The Good, The Bad And The Ugly Top 10 Financial Lists: You Decide Which Is Which
Top 10 Celebrities Advertising Financial Products
1. John McEnroe
The video above features John McEnroe. It's the first in a series of small films that promote Aegon’s digital retirement advice service, Retiready. Making an excellent point, McEnroe said: ‘It’s definitely easier to plan and save for your retirement than to have to win 155 professional tennis titles to pay for it.’ How apt for a SIPP site!
2. Snoop Dogg
Arguably Snoop Dogg is a little less cool as says ‘You’re so MoneySuperMarket’, nodding in approval. The advert, released in early 2014, shows a bespectacled Phil, who looks a little geeky. But Phil is far from geeky, having bought a cool car for a good price after consulting online comparison website MoneySuperMarket.com.
3. José Mourinho
Henderson Global Investors acquired a little of Chelsea's football manager José Mourinho's sparkle when he was asked to front an ad campaign in 2011. Displayed on huge billboards across the UK, the Special One, aligned himself with 'The Other Special Manager'.
4. Michael Parkinson
There was quite a media storm when Michael Parkinson fronted a TV ad campaign for AXA's insurance arm, Sun Life. Whatever your thoughts might be about Sun Life's Over-50s Plan, Parky's endorsement was a shrewd move for the insurer, aligning itself with Parky's reassuring and trustworthy personna.
5. Lucas And Walliams
Little Britain's Matt Lucas (pictured) and David Walliams made a number of adverts promoting Nationwide's mutual status.
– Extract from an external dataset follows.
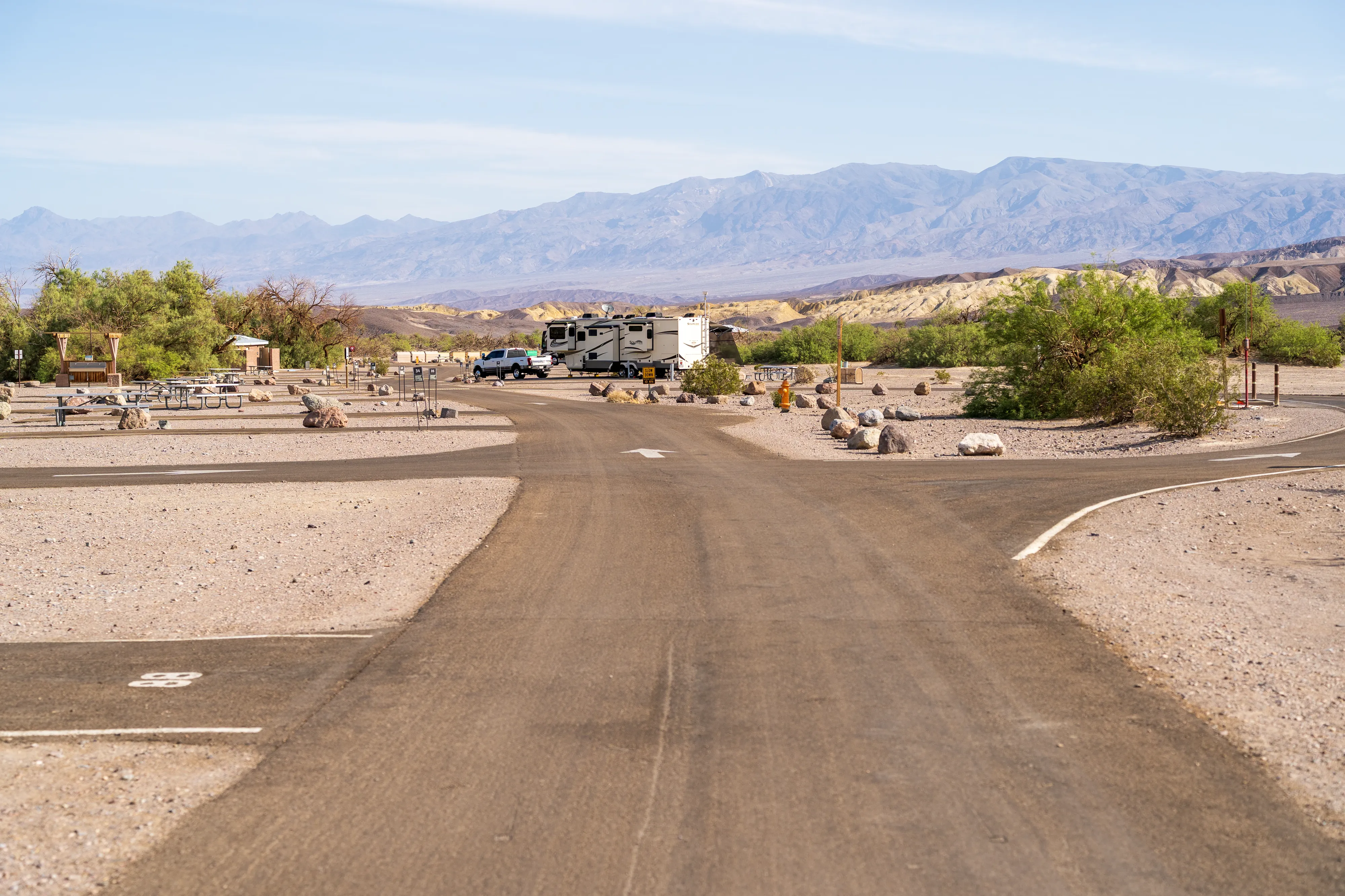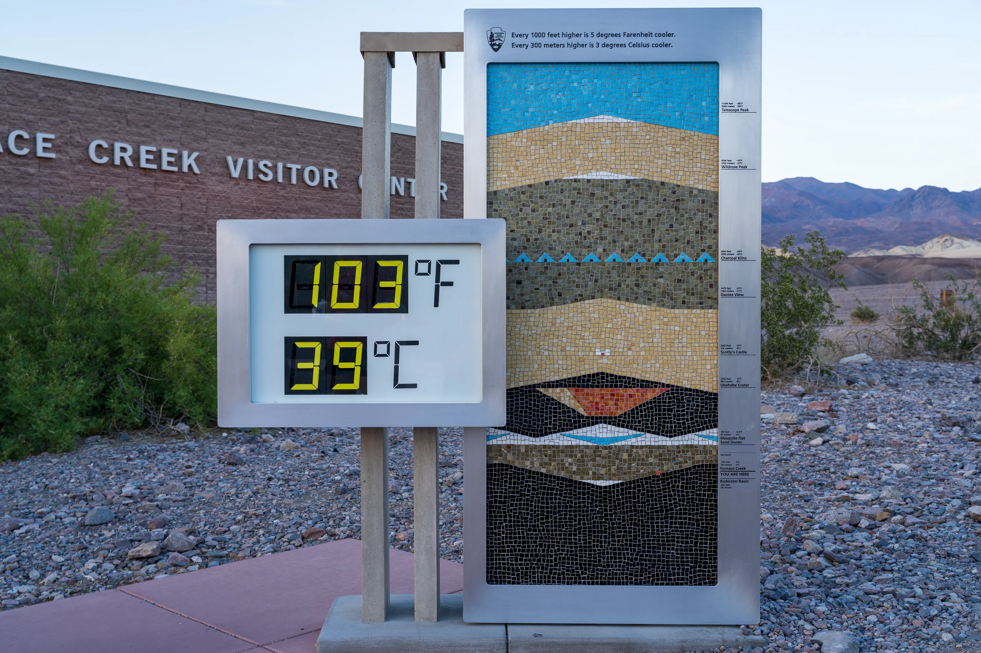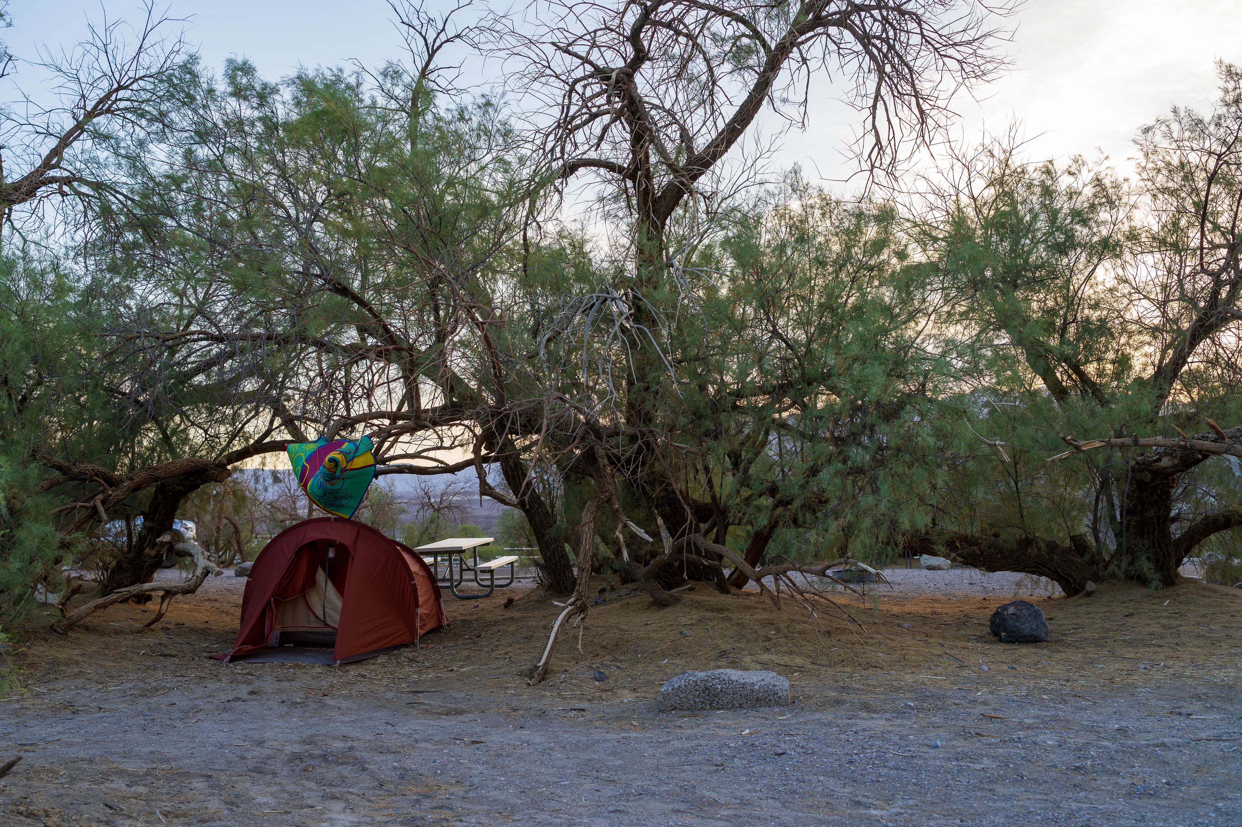 Hier sind die Temperaturen aufgrund der niedrigen Höhe und Lage meist am höchsten, weshalb direkt vor dem Visitor Center ein großes Thermometer angebracht ist. Bei unserer Ankunft am 23. Mai um kurz nach 19:30 zeigt es immer noch 39 °C an – ganz schön warm! Zumindest für uns; für das Death Valley noch recht moderat. Wir wollten uns eigentlich einen Schlafplatz in den etwas höher gelegenen - und deshalb auch kühleren Gegenden suchen - entscheiden uns aber spontan dazu auf dem Campingplatz in Furnace Creek zu übernachten. Der Furnace Creek Campground arbeitet um diese Jahreszeit bereits auf First-Come-First-Serve Basis und es sind noch sehr viele freie Plätze vorhanden. Kein Wunder, bei immer noch knackigen 30 °C gegen 22:00 Uhr und etwa 25 °C als Tiefsttemperatur. So ist diese Nacht eher ein Schwitzen als ein erholsames Schlafen - aber dennoch die Erfahrung wert.
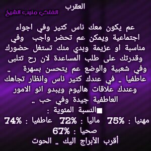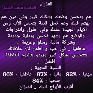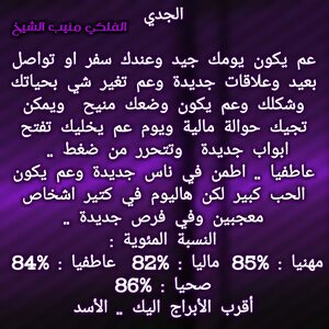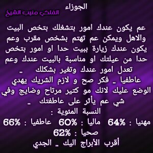لديك تغيير جيد قادم وهناك اشخاص بعيدة تساعدك ويجب أن تفكر في حلول مالية لديك هناك ايضا اشخاص تتقرب منك وفكر في علاج مرض يشغلك وابتعد عن المشاكل وهناك امور عاطفية تدعمك بعلاقات جديدة ويجب أن تترك لنفس الخيار في المناسب وهناك تطورات مهنية ومناصب لديك قادمة وكل عام وانت بخير ..

The series of ads were broadcast featuring the pair asking for banking advice in predictably distasteful ways.
6. Paul Whitehouse
Actor comedian Paul Whitehouse’s series of adverts for Aviva makes use of some of his best known characters, originally made famous in The Fast Show. In one, he plays a recently deceased dad who has managed to provide for his family through Aviva’s life insurance policy. Another is an easier-on-the-heartstrings car insurance skit.
7. John Peel
Back in 2000, DJ John Peel (pictured) joined Amanda Burton and Tom Bell in an ad campaign for Equitable Life. It was meant to capitalise on the fact it had mutual status and wasn't a drain on its finances from shareholders. But things didn't go well. Equitable Life was forced to close to new business after promising annuity deals to some of its customers that were unaffordable and the government had to step in to provide compensation.
8. David Beckham
St James's Place nabbed David Beckham to speak at its 2011 annual conference. Beckham was interviewed by BBC sports presenter Clare Balding as part of the company's opener. According to a company spokesman, it was a ‘classic David Beckham performance’ and ‘everybody loved it’.
9. Steven Gerrard
Beckham is not the only footballer to align himself with financial advice. Caerus founder, Keith Carby, managed to get Steven Gerrard to talk at a conference for his new business venture. Gerrard was a guest at the first sales conference for the advice company, in recognition of Caerus’ support of the footballer’s Steven Gerrard Foundation.
10. Amber Martinez
Scottish Widows is right up there when it comes to unmistakeable branding. Everyone recognises the mysterious lady in the black cloak. The life company has introduced a new model to take over the cloak, Amber Martinez. She's the fourth widow in the campaign, which first began in 1986.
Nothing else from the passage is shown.